(Supplied records begins)

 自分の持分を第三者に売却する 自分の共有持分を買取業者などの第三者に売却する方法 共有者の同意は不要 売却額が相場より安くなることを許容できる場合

(Supplied records ends)
(Supplied records begins)

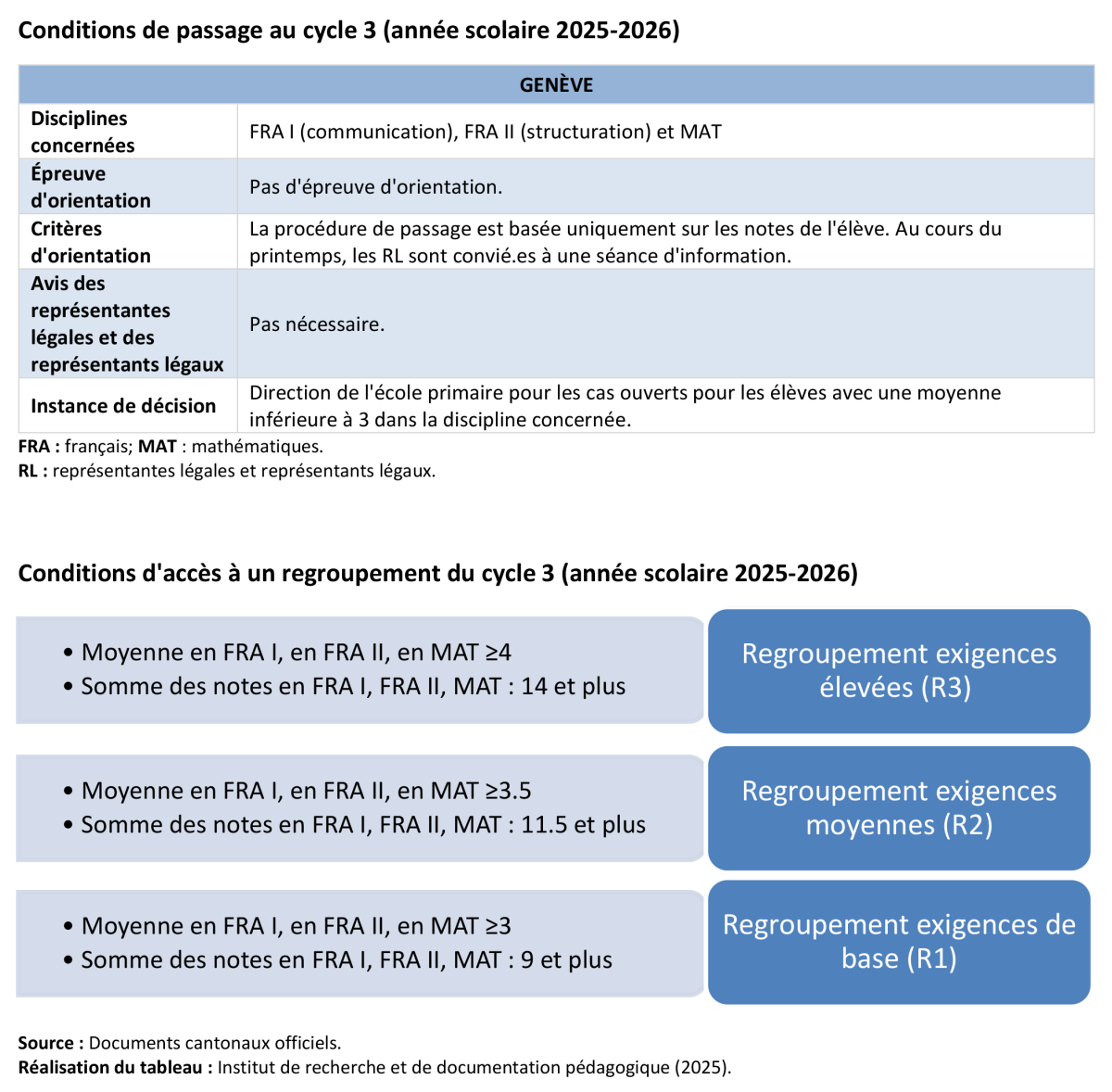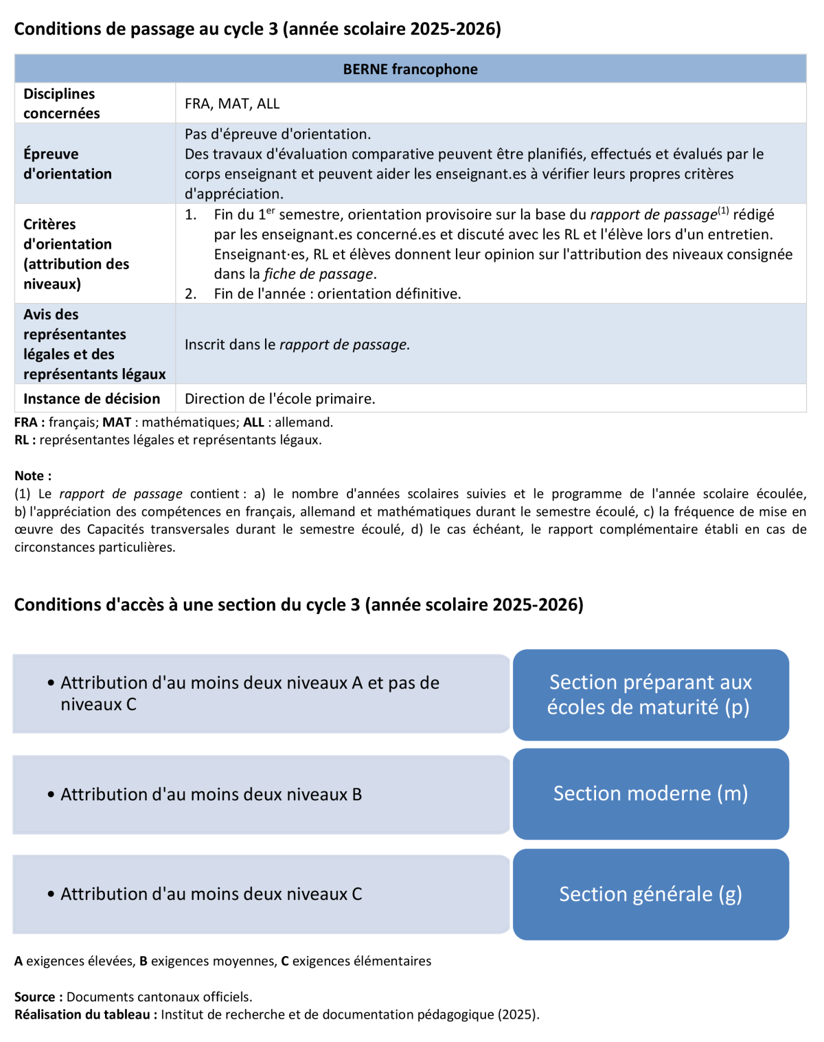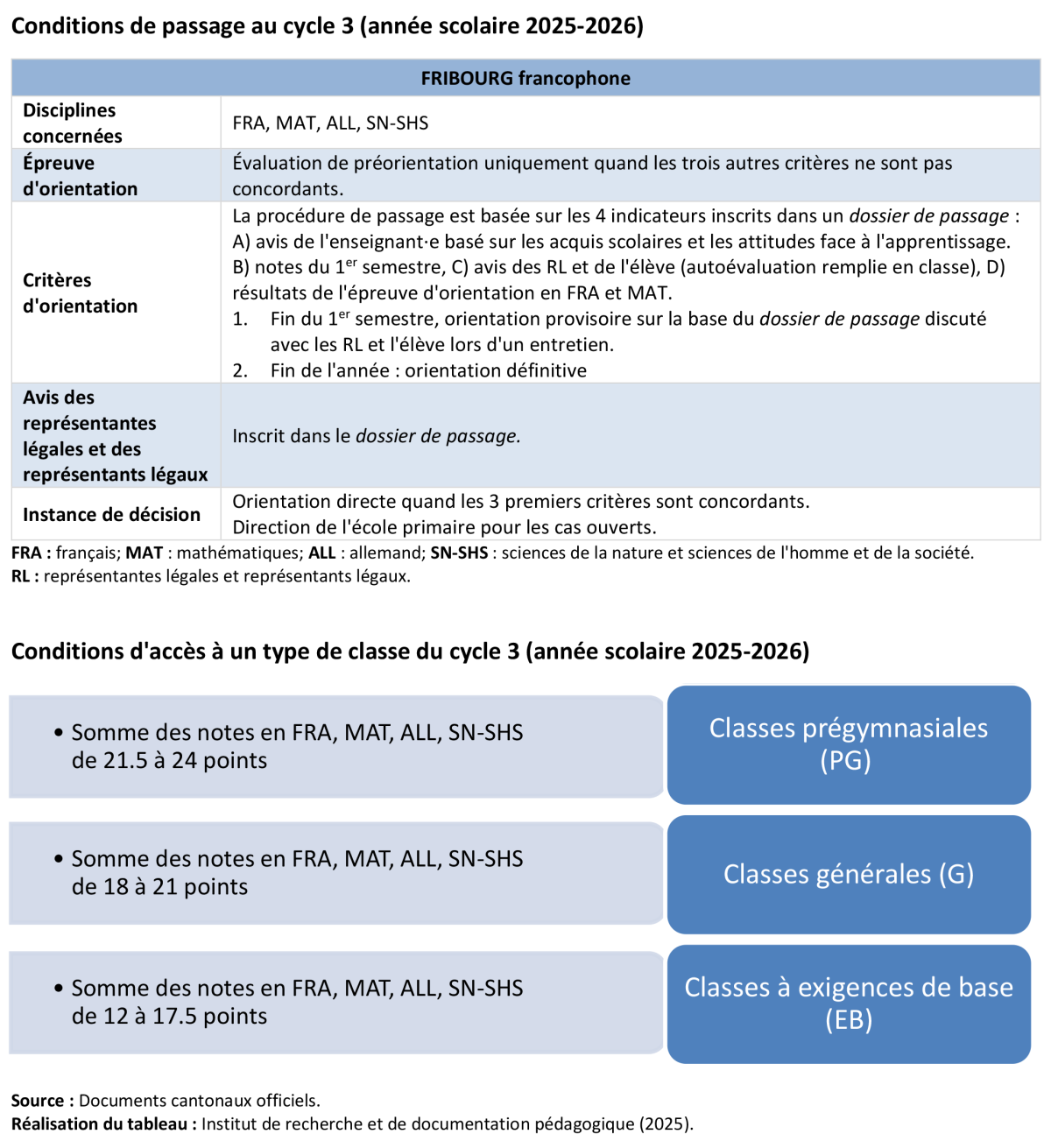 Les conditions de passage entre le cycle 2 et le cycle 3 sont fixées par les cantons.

(Supplied records ends)
(Supplied records begins)

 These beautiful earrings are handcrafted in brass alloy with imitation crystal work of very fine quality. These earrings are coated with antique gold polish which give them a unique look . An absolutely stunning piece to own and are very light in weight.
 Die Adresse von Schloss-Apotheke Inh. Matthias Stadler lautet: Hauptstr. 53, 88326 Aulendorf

(Supplied records ends)

→ **Assigned task**
In the entries above, one line contains "These beautiful earrings" and another contains "Die Adresse von". Reproduce exactly those two lines and the lines between them, nothing else.

→ **Task response**
 These beautiful earrings are handcrafted in brass alloy with imitation crystal work of very fine quality. These earrings are coated with antique gold polish which give them a unique look . An absolutely stunning piece to own and are very light in weight.
 Die Adresse von Schloss-Apotheke Inh. Matthias Stadler lautet: Hauptstr. 53, 88326 Aulendorf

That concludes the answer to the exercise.